Efficient Frequency-Aware Multiscale Vision Transformer for Event-to-Video Reconstruction

Maqsood, R. ; Nunes, P. ; Soares, L. D. ; Conti, C.

Efficient Frequency-Aware Multiscale Vision Transformer for Event-to-Video Reconstruction, Proc European Signal Processing Conference EUSIPCO, Palermo, Italy, Vol. , pp. - , September, 2025.

Digital Object Identifier: 10.23919/EUSIPCO63237.2025.11226686

Download Full text PDF ( 12 MBs)

 

Abstract
Event-to-video (E2V) reconstruction is a critical task in event-based vision, benefiting from the advantages of event cameras, such as high dynamic range and low latency. However, existing deep learning reconstruction methods often prioritize temporal consistency and over-emphasize low-frequency features, leading to blur artifacts and loss of fine details. To overcome these limitations, we propose a novel frequency-aware multiscale vision transformer model for E2V reconstruction (MSViT-E2V).

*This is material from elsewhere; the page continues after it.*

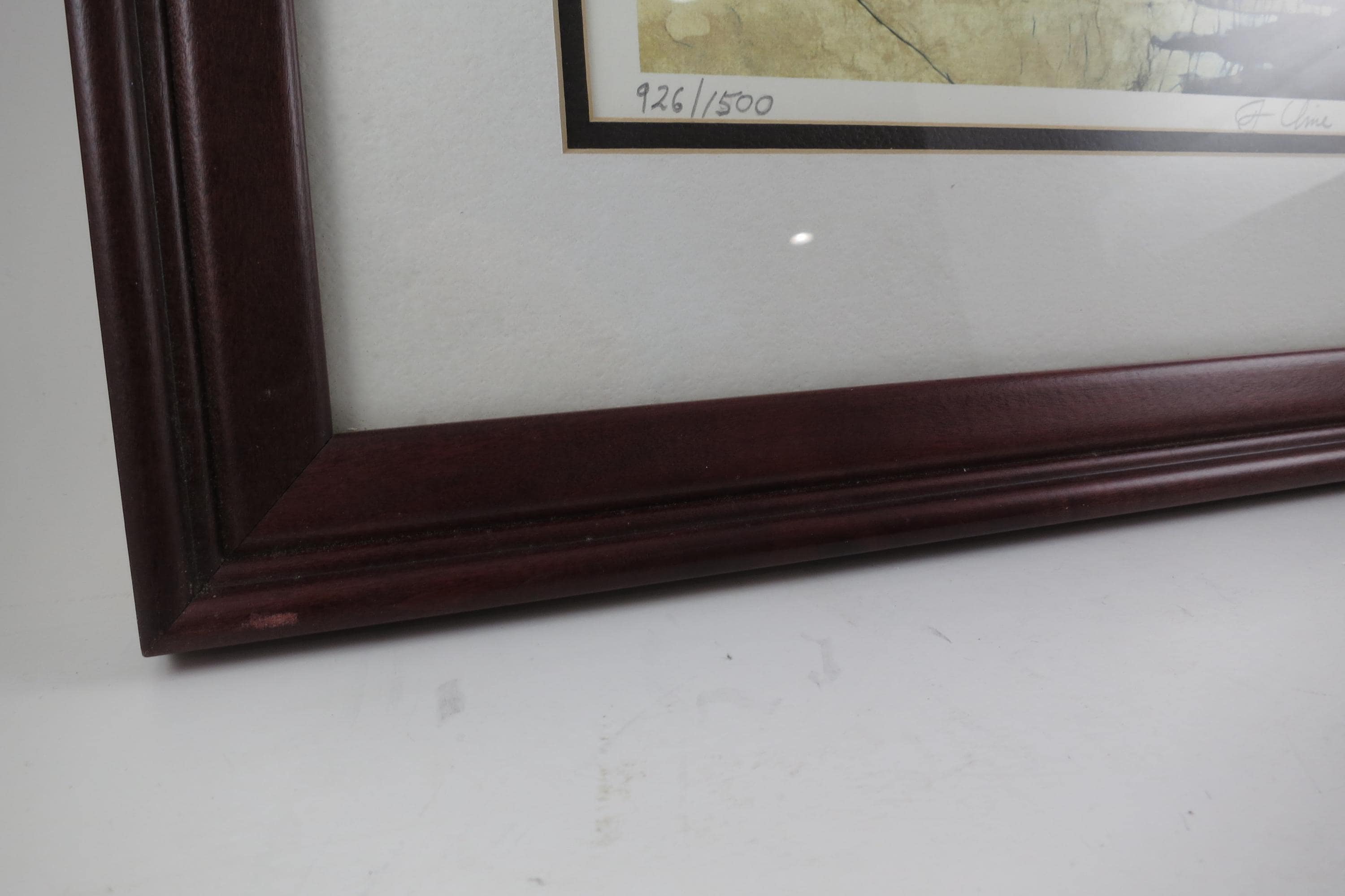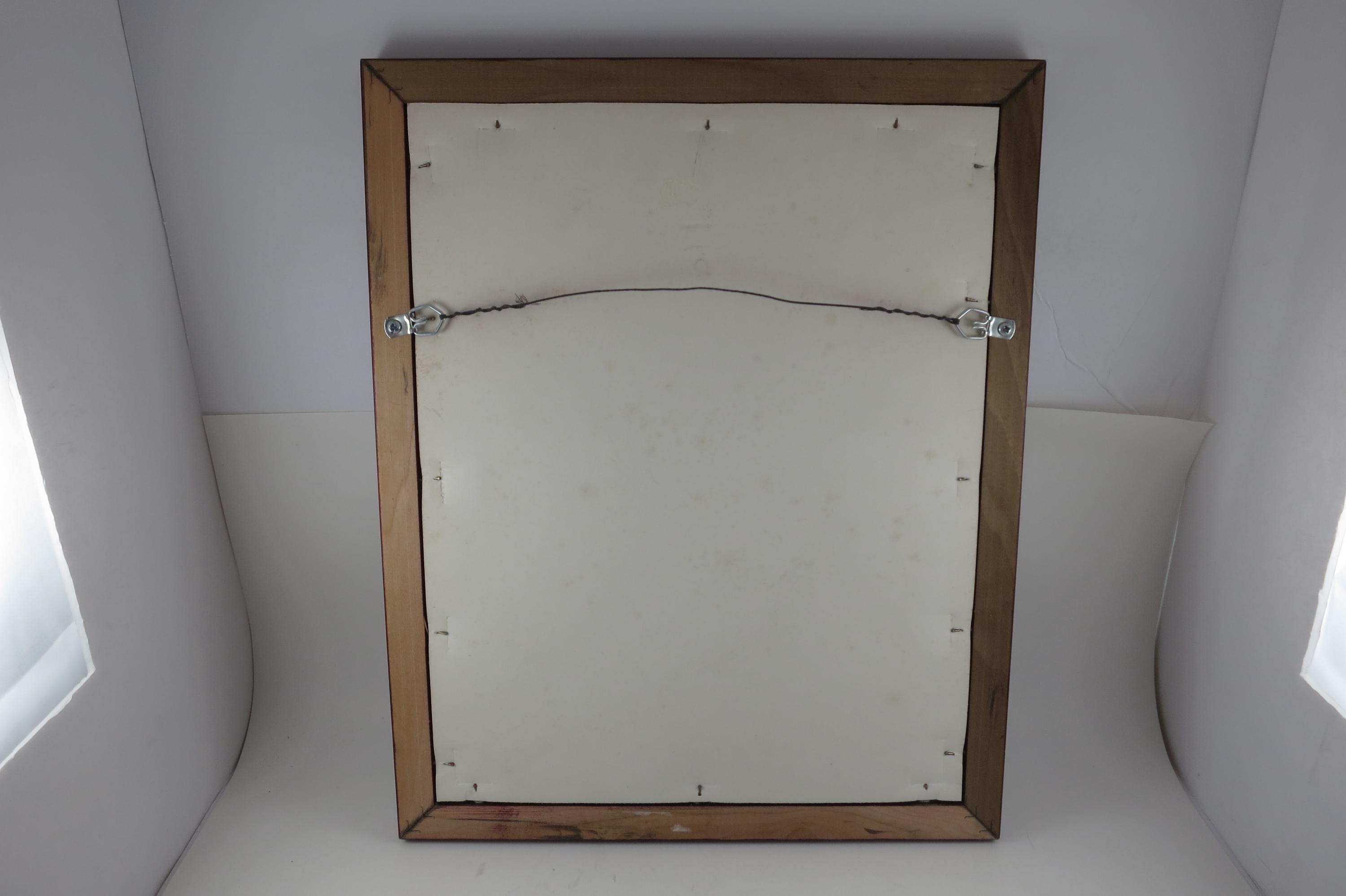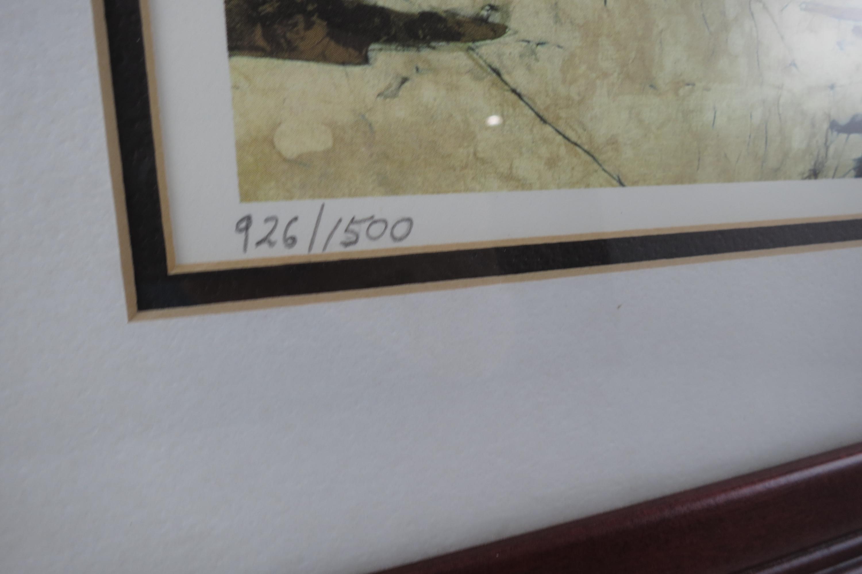 Professionally framed in a red wood frame. Artist signed, measures 12 3/4 inches wide and 16 inches tall. Beautiful piece of Art!!

Our model employs wavelet-based decomposition to extract features at multiple scales, preserving fine-grained details through multi-level wavelet-based downsampling blocks, followed by transformer blocks for multiscale feature aggregation and long-range dependency modeling. Extensive experiments on various event datasets demonstrate that our model not only minimizes artifacts and preserves fine details but also reduces computational costs by up to 50% compared to the transformer-based model ET-Net.